Concretely, you are going to use fmin to find the best parameters $\theta$ for the logistic regression cost function, given a fixed dataset (of X and y values). You will pass to fmin the following inputs:

  • The initial values of the parameters we are trying to optimize.
  • A function that, when given the training set and a particular $\theta$, computes the logistic regression cost and gradient with respect to $\theta$ for the dataset (X, y)

The call to fmin will look like this

#  Set options for fmin
options = {'full_output': True, 'maxiter', 400}

#  Run fminunc to obtain the optimal theta
#  This function will return theta, the final cost J, and the number of iterations performed
cost, theta, _, _, _ = optimize.fmin(lambda t: cost_function(t, X, y)[0], initial_theta, **options)

Here we first defined the options to be used with fmin. Additional output is needed to return the gradient out of fmin. In fmin we do this by setting full_output to True. This allows fmin to use the gradient when minimizing the function. Furthermore, we set the maxiter option to 400, so that fmin will run for at most 400 steps before it terminates.

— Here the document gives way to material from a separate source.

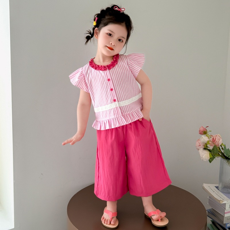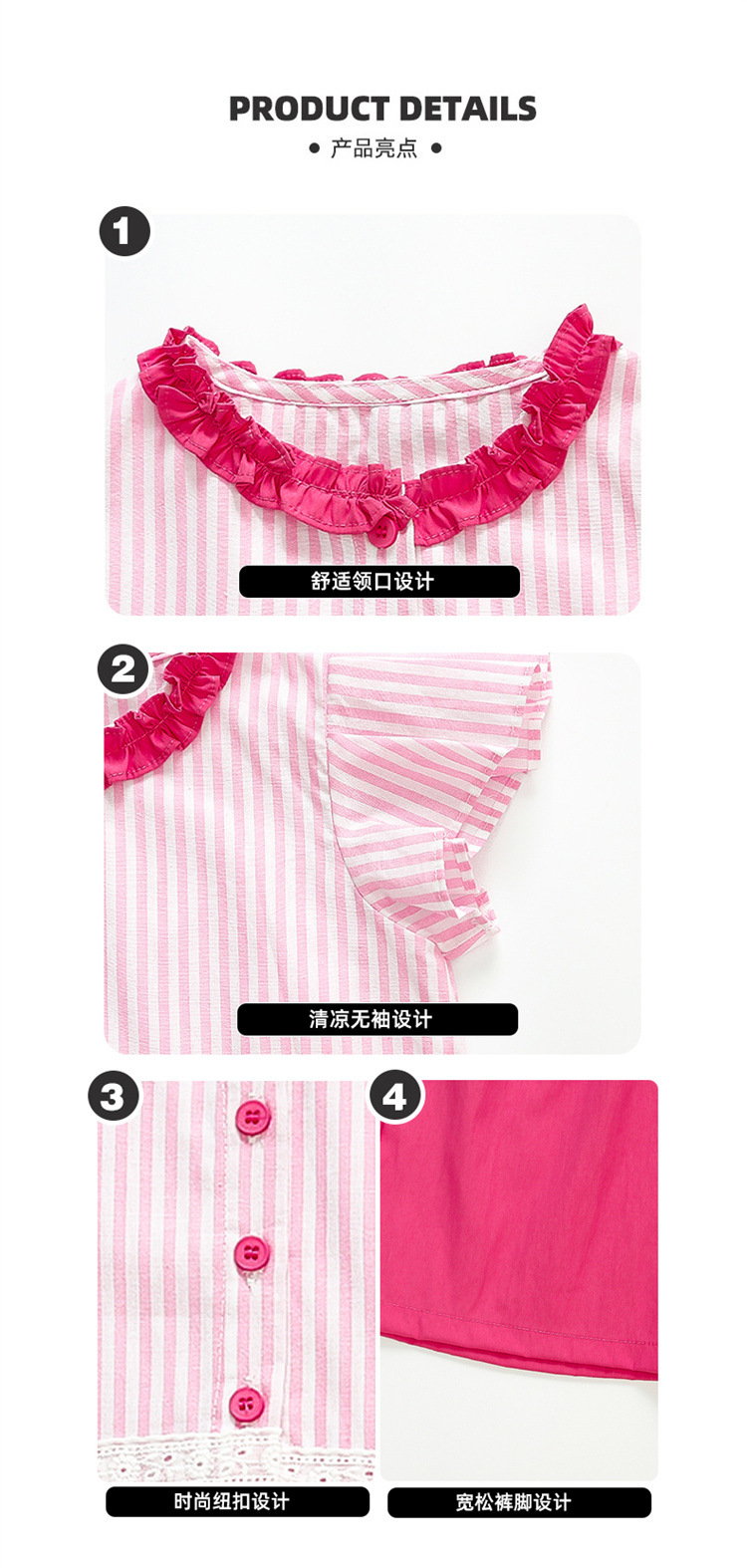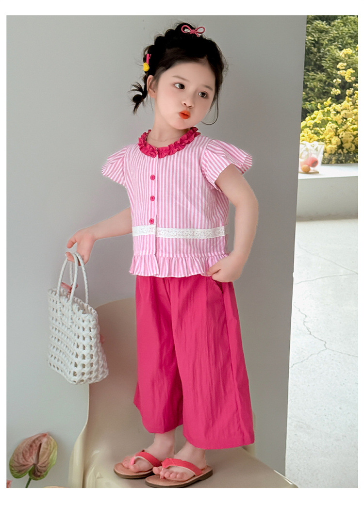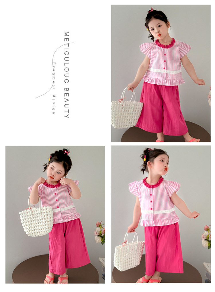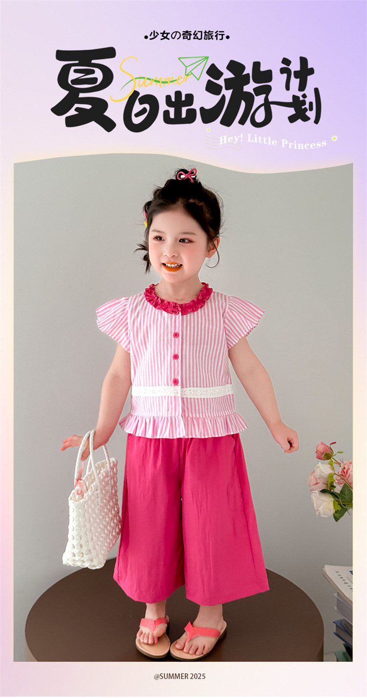 소녀 핑크 줄무늬 세트 2025 여름 새로운 패션 소녀 세련된 투피스 중소 어린이 여름 원피스스토어 가기

To specify the actual function we are minimizing, we use a special syntax for specifying that an argument is a function with

lambda t: cost_function(t, X, y)[0], initial_theta

This creates a function, with argument t, which calls your cost_function. This allows us to wrap the cost function for use with fmin. The [0] is needed because our cost_function returns a tuple of (cost, gradient) and fmin is expecting only the cost.

The underscores in cost, theta, _, _, _ = ... are for specifying that those parts of the returned result can be ignored. The full output also returns the number of iterations the algorithm took, the number of function calls made, and warning flags. Therefore an equivalent way of writing this would be cost, theta, iters, funcalls, warnflag = optimize.fmin(...

If you have completed the cost_function correctly, fmin will converge on the right optimization parameters and return the final values of the cost and $\theta$. Notice that by using fmin, you did not have to write any loops yourself, or set a learning rate like you did for gradient descent. This is all done by fmin: you only needed to provide a function calculating the cost and the gradient.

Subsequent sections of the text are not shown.